China Resources Boya Bio-pharmaceutical, a key player in blood products and medical aesthetics, has alerted investors to a dramatic profit drop for 2025, forecasting net profit attributable to shareholders at RMB105 million to RMB136.5 million—down over 65% from RMB397 million in 2024. Excluding non-recurring gains, the company anticipates an underlying net loss of RMB7.5 million to RMB15 million, highlighting intensifying pressures in China's biotech sector.
Impairments Drive the Downturn
The profit slump stems largely from a slump in the hyaluronic acid medical aesthetics market, a staple for dermal fillers and anti-aging treatments. Management cited roughly RMB300 million in impairments on franchise rights and goodwill linked to the November 2024 acquisition of Green Cross HK Holdings. Additional hits include RMB80 million from inventory revaluation and elevated depreciation and amortization from the deal.
- Net profit forecast: RMB105-136.5 million (vs. RMB397 million prior year)
- Underlying loss: RMB7.5-15 million (excluding one-offs)
- Non-recurring gains: ~RMB120 million from subsidies and investments
Revenue Growth Amid Margin Erosion
Despite challenges, operating revenue is projected to climb 10% to 25%, fueled by the Green Cross integration, which bolsters the company's hyaluronic acid portfolio. However, the blood products segment—CR Boya's traditional stronghold—faces headwinds from China's centralized procurement policies, payment reforms, stricter medical insurance controls, and fierce competition. These reforms, aimed at curbing healthcare costs, have squeezed gross margins across the industry, forcing biopharma firms to rethink pricing and efficiency.
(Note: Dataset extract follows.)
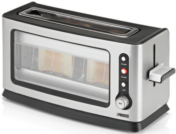
Toaster Window Deluxe 01.142351.09.001

Broader Implications for Biotech in China
This warning underscores vulnerabilities in China's medical aesthetics boom, once propelled by rising consumer demand for non-invasive beauty enhancements but now cooling amid regulatory scrutiny and economic slowdowns. Hyaluronic acid demand has softened as clinics grapple with oversupply and shifting preferences toward conservative treatments. For CR Boya and parent China Resources Pharmaceutical, it signals a pivot needed toward cost controls and diversified revenue, amid a healthcare landscape prioritizing affordability over premium pricing. Investors should watch for strategic divestments or R&D shifts to navigate these operational headwinds.